Hypothesis testing gives you a structured way to answer questions about a population using sample data. Instead of guessing whether a treatment works or a difference is real, you follow a formal process that controls how often you'd be wrong. This section covers the core building blocks: hypotheses, errors, and significance levels.

Null vs. Alternative Hypotheses

Every hypothesis test starts with two competing claims about a population parameter:

The null hypothesis ( $H_0$ ) represents the default position: no effect, no difference, nothing going on. It typically includes an equality sign ( $=$ , $\leq$ , or $\geq$ ).
The alternative hypothesis ( $H_1$ or $H_a$ ) is what you're trying to find evidence for. It proposes that something is different, and it uses an inequality ( $<$ , $>$ , or $\neq$ ).

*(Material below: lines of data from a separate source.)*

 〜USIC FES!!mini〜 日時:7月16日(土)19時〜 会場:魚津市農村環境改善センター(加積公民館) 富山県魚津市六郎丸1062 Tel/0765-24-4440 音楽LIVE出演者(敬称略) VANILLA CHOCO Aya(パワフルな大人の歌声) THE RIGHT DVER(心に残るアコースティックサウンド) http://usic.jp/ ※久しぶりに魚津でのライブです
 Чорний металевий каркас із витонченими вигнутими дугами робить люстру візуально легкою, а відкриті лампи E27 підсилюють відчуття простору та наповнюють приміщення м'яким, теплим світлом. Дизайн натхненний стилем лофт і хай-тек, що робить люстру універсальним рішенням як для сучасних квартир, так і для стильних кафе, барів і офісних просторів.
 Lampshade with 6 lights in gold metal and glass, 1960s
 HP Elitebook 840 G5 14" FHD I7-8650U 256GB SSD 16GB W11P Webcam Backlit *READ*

These two hypotheses must be mutually exclusive and exhaustive, meaning exactly one of them is true. For example, if you're testing whether a coin is fair:

$H_0$ : $p = 0.5$ (the coin is fair)
$H_a$ : $p \neq 0.5$ (the coin is not fair)

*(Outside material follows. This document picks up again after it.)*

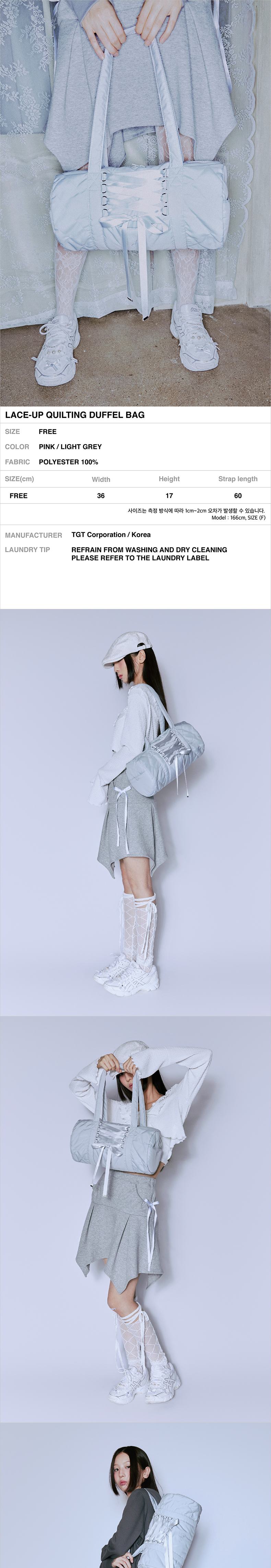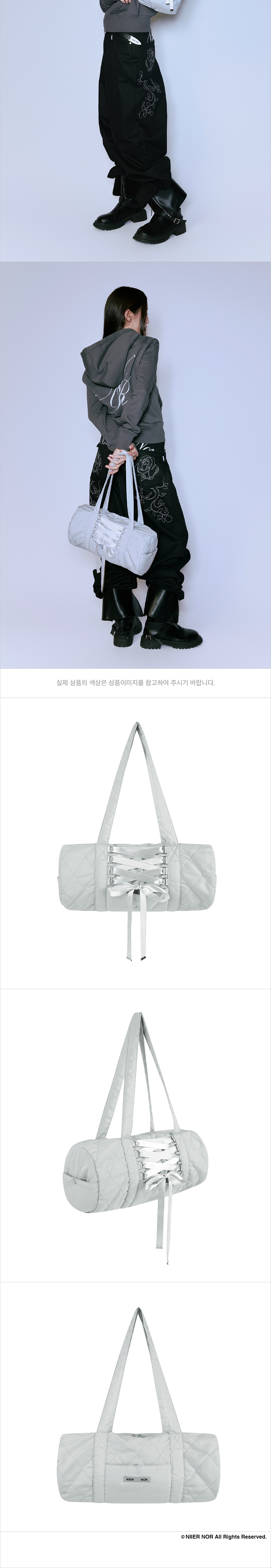 니어 노어 레이스업 퀼팅 더플백 라이트 그레이
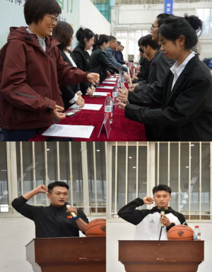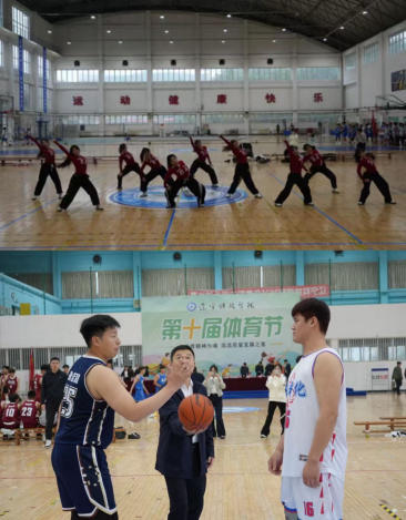 宣誓结束后,活力四射的啦啦操表演点燃全场,同学们用整齐划一的动作展现了团结向上的精神风貌。在热烈的氛围中,本届体育节的首场篮球赛正式开赛。葛会奇为篮球赛开球,运动员们的激烈角逐将现场气氛推向高潮。

You never "prove" the null hypothesis. You either reject it (the evidence is strong enough) or fail to reject it (it isn't).

Types of Errors

Because you're making decisions from incomplete data, mistakes are possible. There are exactly two kinds:

Type I error ( $\alpha$ ): You reject $H_0$ when it's actually true. Think of this as a false alarm. If you conclude a drug works when it doesn't, that's a Type I error.
Type II error ( $\beta$ ): You fail to reject $H_0$ when it's actually false. This is a missed detection. The drug really does work, but your test didn't catch it.

These two errors have an inverse relationship: making it harder to commit one type generally makes it easier to commit the other. The power of a test, defined as $1 - \beta$ , measures your ability to correctly detect a real effect. Higher power means fewer missed detections.

Significance Levels

The significance level ( $\alpha$ ) is the threshold you set before collecting data for how much Type I error risk you'll tolerate.

Common choices are 0.05 (5%), 0.01 (1%), and 0.001 (0.1%)
A significance level of 0.05 means you accept a 5% chance of rejecting a true null hypothesis
Smaller $\alpha$ values make your test more conservative: harder to reject $H_0$ , fewer false alarms, but also lower power

The significance level defines the critical region of the sampling distribution. If your test statistic lands in that region, you reject $H_0$ .

Statistical Test Selection

Picking the right test matters. Using the wrong one can give you misleading results, even if your data are perfectly good. The choice depends on your research question, the type of data you have, and how your study was designed.

Parametric vs. Non-Parametric Tests

Parametric tests assume your data come from a specific distribution (usually normal). They tend to be more powerful when their assumptions are met. Examples include t-tests, ANOVA, and linear regression.

Non-parametric tests make fewer assumptions about the underlying population. They work with ranked or ordinal data and are more robust when normality is violated. Examples include the Mann-Whitney U test (compares two groups) and the Kruskal-Wallis test (compares three or more groups). The trade-off is that non-parametric tests are generally less powerful, meaning they need more data to detect the same effect.

One-Tailed vs. Two-Tailed Tests

A one-tailed test checks for an effect in a specific direction. For example: "Does the new drug lower blood pressure?" ( $H_a$ : $\mu < \mu_0$ ). It has more power to detect that specific direction of effect.
A two-tailed test checks for any difference, regardless of direction: "Does the new drug change blood pressure?" ( $H_a$ : $\mu \neq \mu_0$ ). It's more conservative but catches effects in either direction.

Use a one-tailed test only when you have strong prior reason to expect a specific direction and you genuinely don't care about effects in the opposite direction.

Sample Size Considerations

Larger samples give you more statistical power and more precise estimates. A sample of 500 can detect smaller effects than a sample of 30.

Power analysis lets you calculate the sample size needed before you start collecting data. It takes into account your chosen $\alpha$ , your desired power (commonly 0.80), and the smallest effect size you want to detect. There's always a practical trade-off between the ideal sample size and available time, money, and participants.

Steps in Hypothesis Testing

Hypothesis testing follows a consistent sequence. Sticking to this order keeps your reasoning honest and your results defensible.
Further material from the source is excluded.